The discussion and analysis of our financial condition and results of operations are based upon our financial statements, which have been prepared in accordance with the accounting principles generally accepted in the United States of America.  Preparing financial statements requires management to make estimates and assumptions that affect the reported amounts of assets, liabilities, revenue, and expenses.  These estimates and assumptions are affected by management’s application of accounting policies.  We believe that understanding the basis and nature of the estimates and assumptions involved with the following aspects of our financial statements is critical to an understanding of our financial statements.


Basis of Presentation


The Company prepares its financial statements in accordance with accounting principles generally accepted in the United States of America. The accompanying interim unaudited financial statements have been prepared in accordance with generally accepted accounting principles for interim financial information in accordance with Article 8 of Regulation S-X. Accordingly, they do not include all of the information and footnotes required by generally accepted accounting principles for complete financial statements. In the Company’s opinion, all adjustments (consisting of normal recurring accruals) considered necessary for a fair presentation have been included. Operating results for the three month period ended October 31, 2012 are not necessarily indicative of the results for the full years. While management of the Company believes that the disclosures presented herein are adequate and not misleading, these interim financial statements should be read in conjunction with the audited combined financial statements and the footnotes thereto for the periods ended  July 31, 2012 filed in our Annual Report on Form 10K filed on November  13, 2012.

 

Reclassification

 

Certain amounts in the prior period financial statements have been reclassified to conform to the current period presentation.

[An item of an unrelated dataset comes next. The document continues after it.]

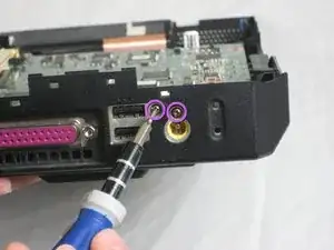 Выверните винт длиной 5,6 мм, расположенный с левой стороны трёхконтактного разъёма.

These reclassifications had no effect on reported losses.

 

Recent Accounting Pronouncements

 

Recently issued accounting pronouncements will have no significant impact on the Company and its reporting methods.

 

Use of Estimates


The preparation of financial statements in conformity with generally accepted accounting principles requires management to make estimates and assumptions that affect the reported amounts of assets and liabilities and disclosure of contingent assets and liabilities at the date of the financial statements and reported amounts of revenues and expenses during the reporting period. Actual results could differ from those estimates.


Net Loss per Share


Basic net loss per share is computed using the weighted average number of common shares outstanding during the period. As our company is in a net loss position, there are no outstanding potentially dilutive securities that would cause diluted earnings per share to differ from basic earnings per share.

 

 

17





Oil and Gas Properties


Our company follows the full-cost method of accounting for oil and natural gas properties.  Under this method, all costs incurred in the exploration, acquisition and development, including unproductive wells, are capitalized in separate cost centers for each country.  Such capitalized costs include contract and concessions acquisition, geological, geophysical, and other exploration work, drilling, completing and equipping oil and gas wells, constructing production facilities and pipelines, and other related costs.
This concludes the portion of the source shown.